Problem to work on:
From the material below, return exactly the lines starting at the one that holds "CHP Seferihisar İlçe" and ending at the one that holds "b. Remove the". Pictures stay out of the answer.

Provided entries:
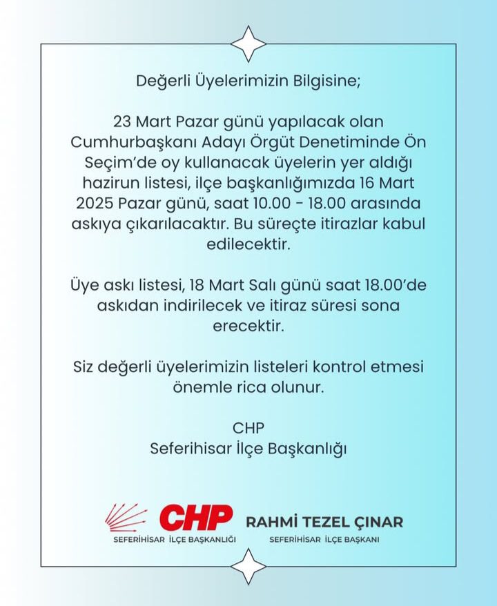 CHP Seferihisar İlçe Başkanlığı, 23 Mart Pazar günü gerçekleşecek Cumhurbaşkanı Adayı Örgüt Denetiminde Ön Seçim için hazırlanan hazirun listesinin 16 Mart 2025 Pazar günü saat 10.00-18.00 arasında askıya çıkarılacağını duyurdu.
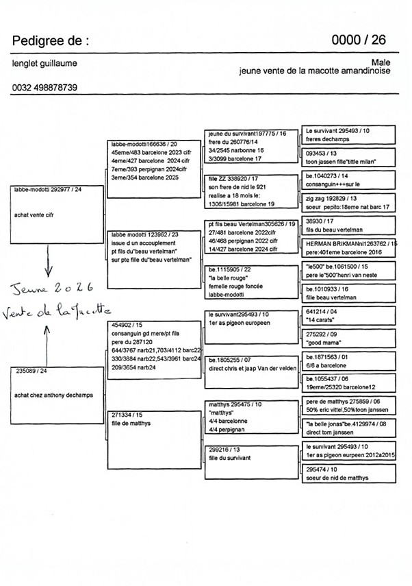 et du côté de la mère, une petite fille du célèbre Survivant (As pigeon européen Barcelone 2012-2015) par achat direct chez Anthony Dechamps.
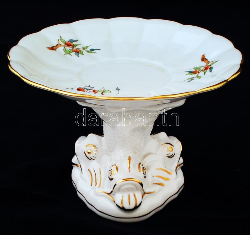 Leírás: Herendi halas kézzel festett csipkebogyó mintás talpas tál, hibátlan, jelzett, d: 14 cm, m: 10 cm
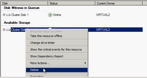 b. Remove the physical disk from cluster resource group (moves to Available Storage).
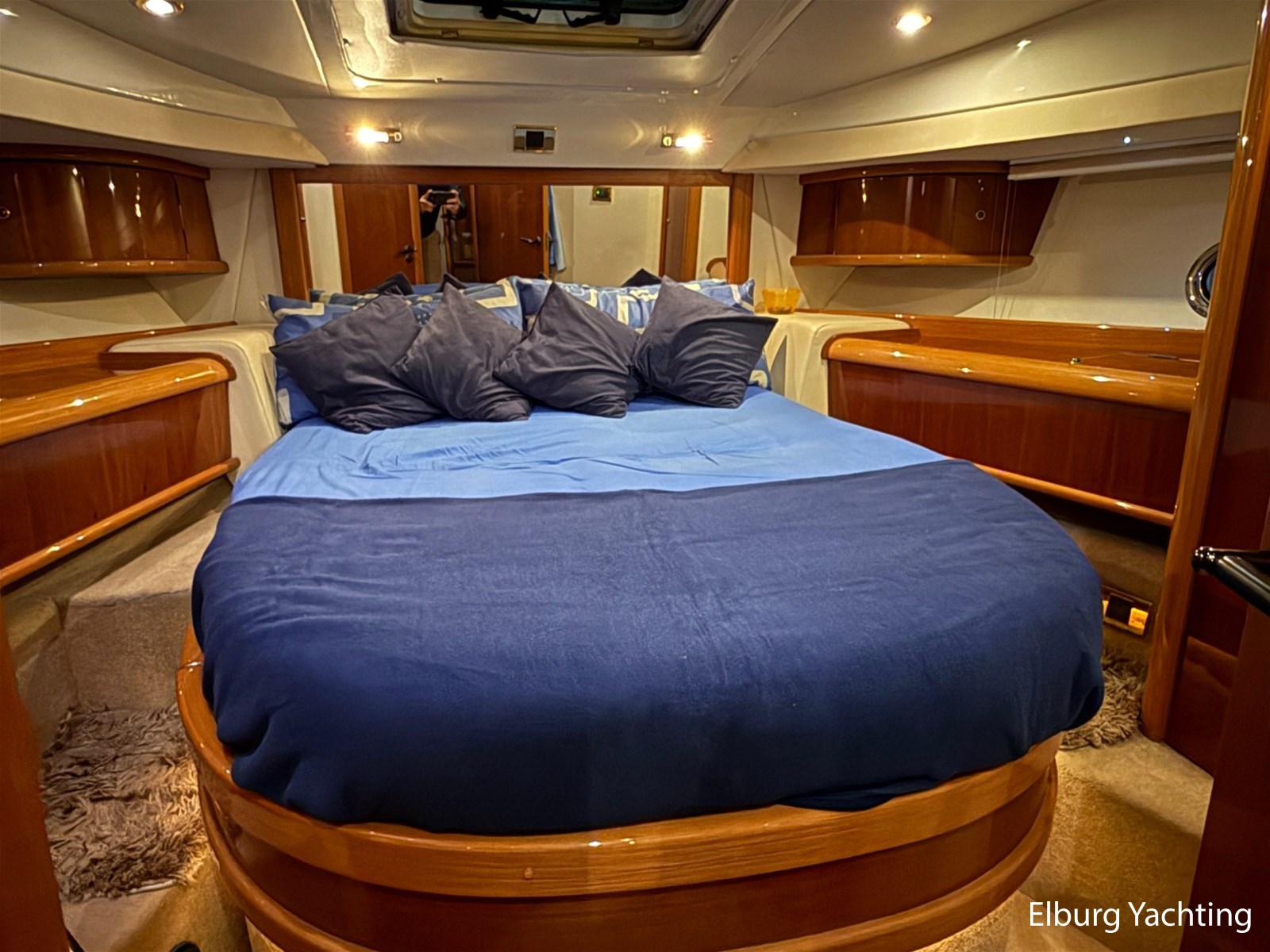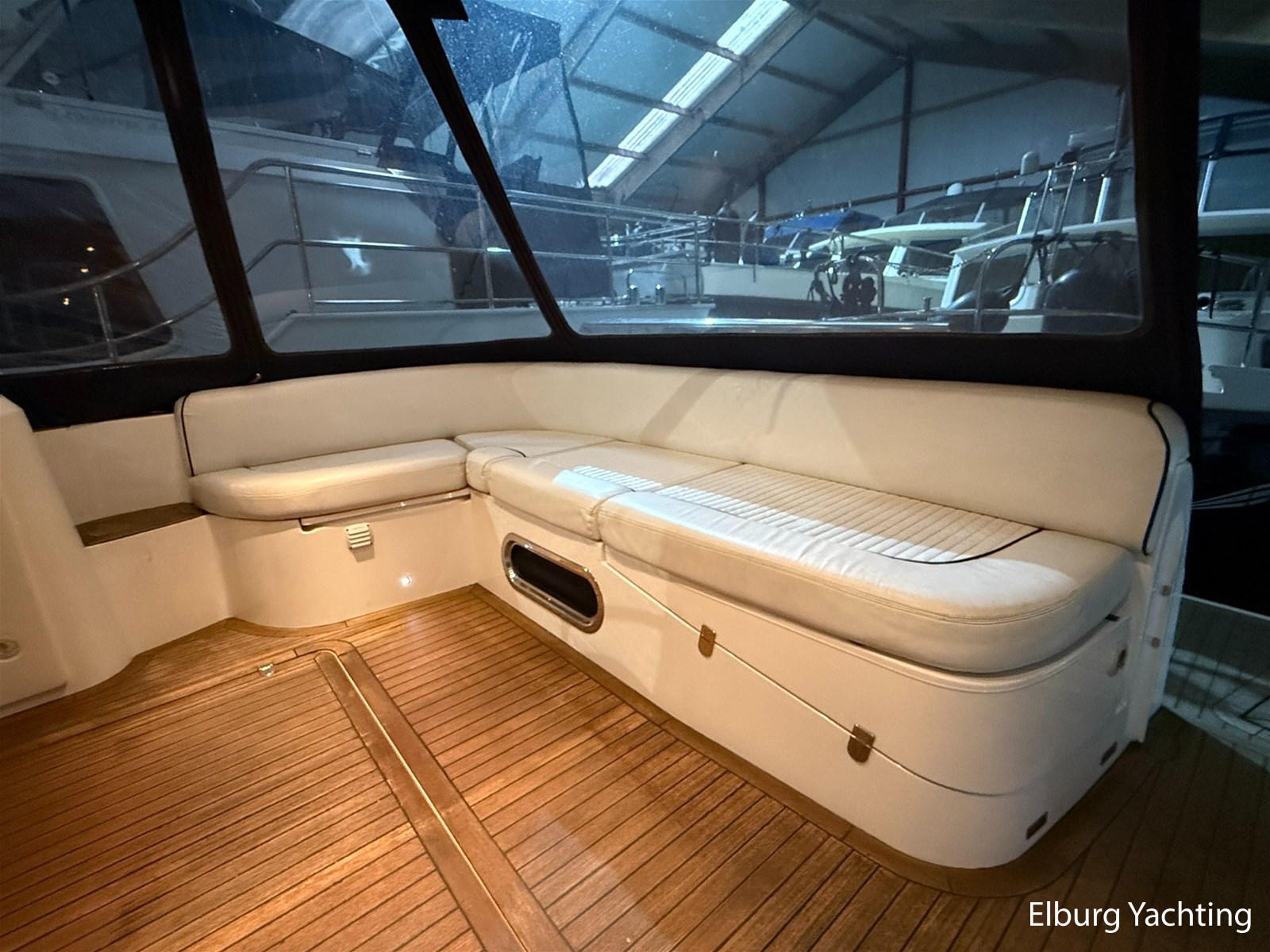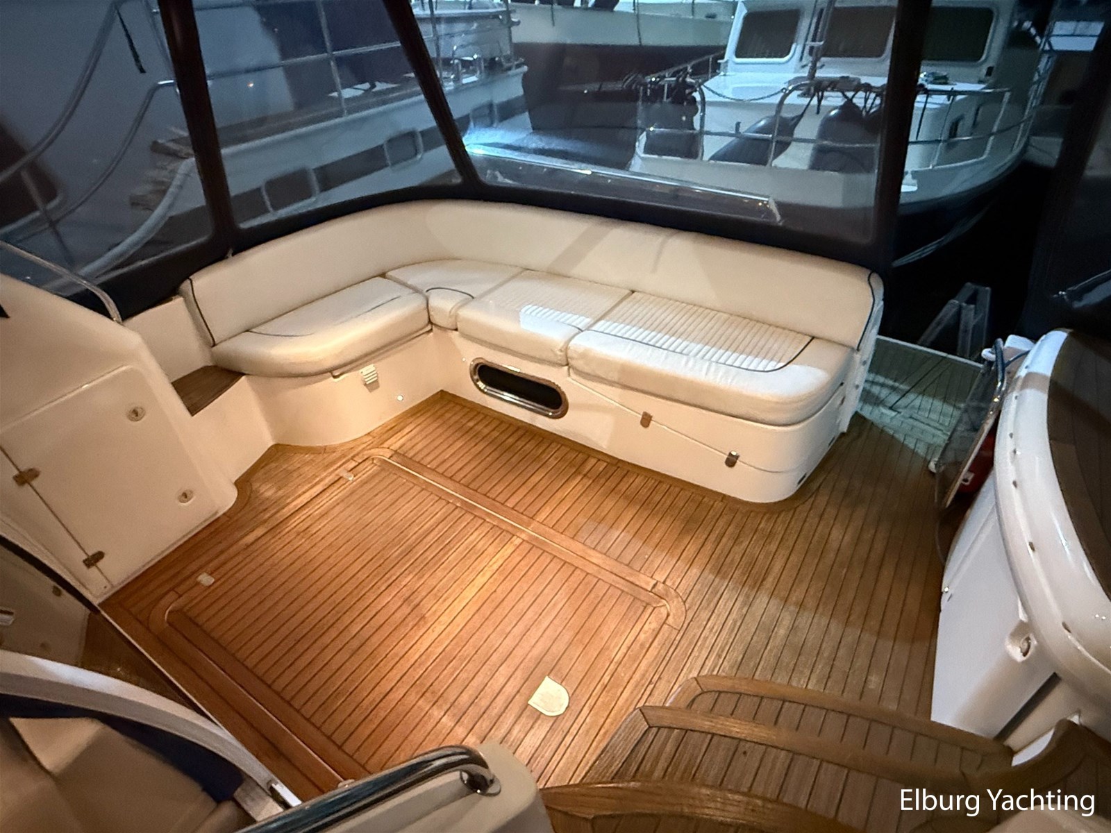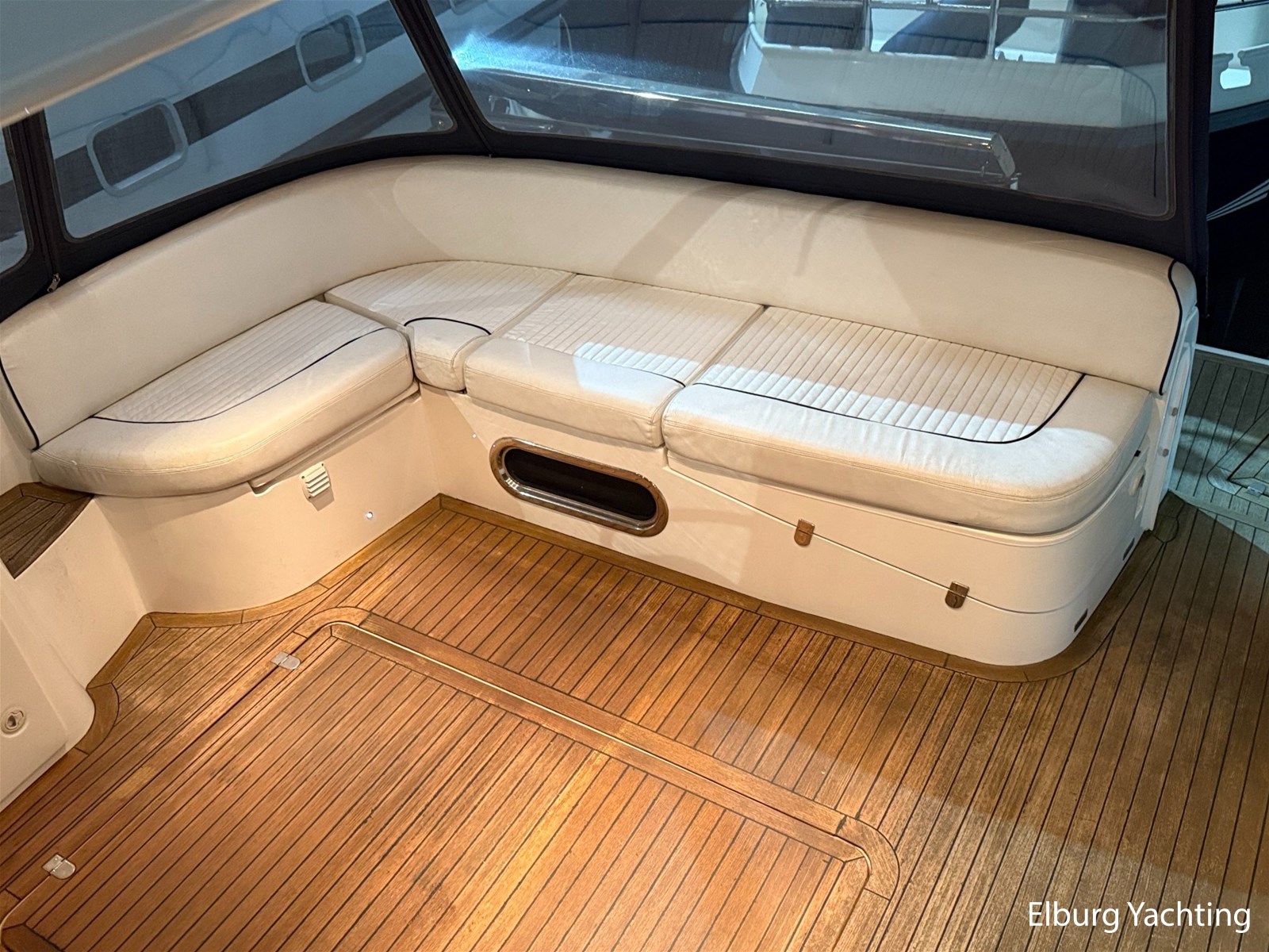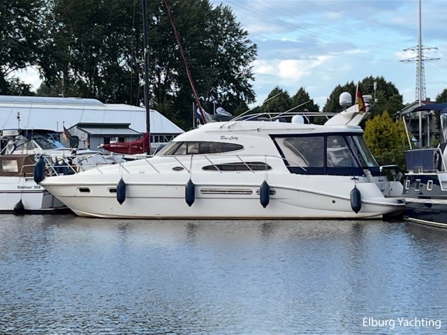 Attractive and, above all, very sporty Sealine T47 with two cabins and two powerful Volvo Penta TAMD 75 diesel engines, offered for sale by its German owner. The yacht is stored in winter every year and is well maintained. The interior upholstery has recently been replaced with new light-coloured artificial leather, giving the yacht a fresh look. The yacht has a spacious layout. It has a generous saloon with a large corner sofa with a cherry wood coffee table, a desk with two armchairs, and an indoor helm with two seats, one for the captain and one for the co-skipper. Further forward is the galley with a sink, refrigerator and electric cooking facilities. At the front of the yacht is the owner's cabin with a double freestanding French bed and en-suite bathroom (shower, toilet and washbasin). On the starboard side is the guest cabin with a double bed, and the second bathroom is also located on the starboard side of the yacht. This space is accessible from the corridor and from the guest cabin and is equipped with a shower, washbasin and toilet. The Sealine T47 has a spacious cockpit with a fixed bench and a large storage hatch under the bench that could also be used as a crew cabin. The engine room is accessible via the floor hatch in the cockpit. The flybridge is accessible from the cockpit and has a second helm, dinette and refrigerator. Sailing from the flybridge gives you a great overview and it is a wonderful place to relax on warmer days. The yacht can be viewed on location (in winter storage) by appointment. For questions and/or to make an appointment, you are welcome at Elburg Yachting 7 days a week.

==

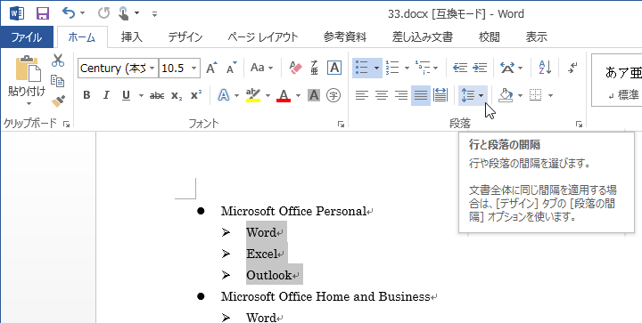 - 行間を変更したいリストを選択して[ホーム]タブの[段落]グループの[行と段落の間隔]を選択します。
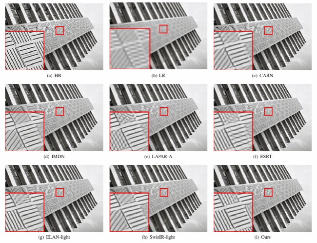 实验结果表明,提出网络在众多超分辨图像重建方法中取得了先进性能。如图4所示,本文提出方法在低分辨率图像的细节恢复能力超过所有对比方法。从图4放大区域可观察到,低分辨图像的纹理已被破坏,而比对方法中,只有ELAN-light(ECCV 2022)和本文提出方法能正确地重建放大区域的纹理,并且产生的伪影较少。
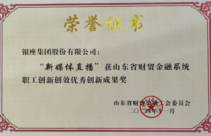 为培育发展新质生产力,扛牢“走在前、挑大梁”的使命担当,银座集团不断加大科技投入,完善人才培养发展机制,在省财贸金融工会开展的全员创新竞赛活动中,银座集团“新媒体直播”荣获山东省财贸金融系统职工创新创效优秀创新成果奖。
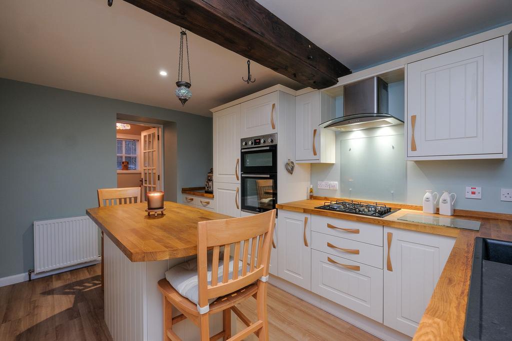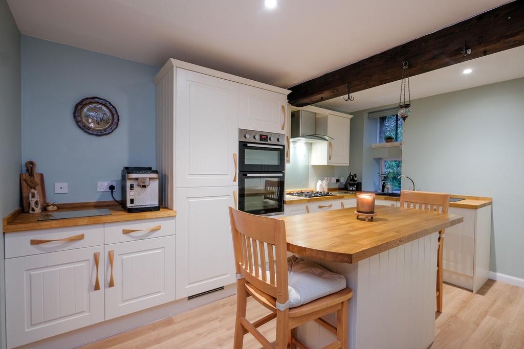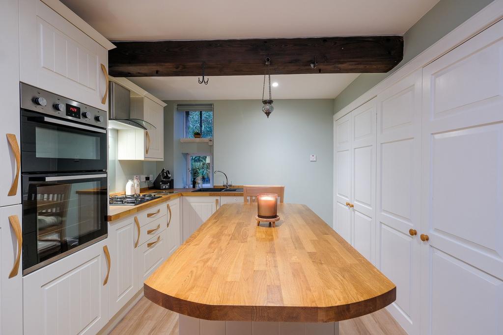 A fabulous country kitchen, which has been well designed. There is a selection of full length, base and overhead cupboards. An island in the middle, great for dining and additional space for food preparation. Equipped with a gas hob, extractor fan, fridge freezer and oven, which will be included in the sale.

Output for this task:
 CHP Seferihisar İlçe Başkanlığı, 23 Mart Pazar günü gerçekleşecek Cumhurbaşkanı Adayı Örgüt Denetiminde Ön Seçim için hazırlanan hazirun listesinin 16 Mart 2025 Pazar günü saat 10.00-18.00 arasında askıya çıkarılacağını duyurdu.
 et du côté de la mère, une petite fille du célèbre Survivant (As pigeon européen Barcelone 2012-2015) par achat direct chez Anthony Dechamps.
 Leírás: Herendi halas kézzel festett csipkebogyó mintás talpas tál, hibátlan, jelzett, d: 14 cm, m: 10 cm
 b. Remove the physical disk from cluster resource group (moves to Available Storage).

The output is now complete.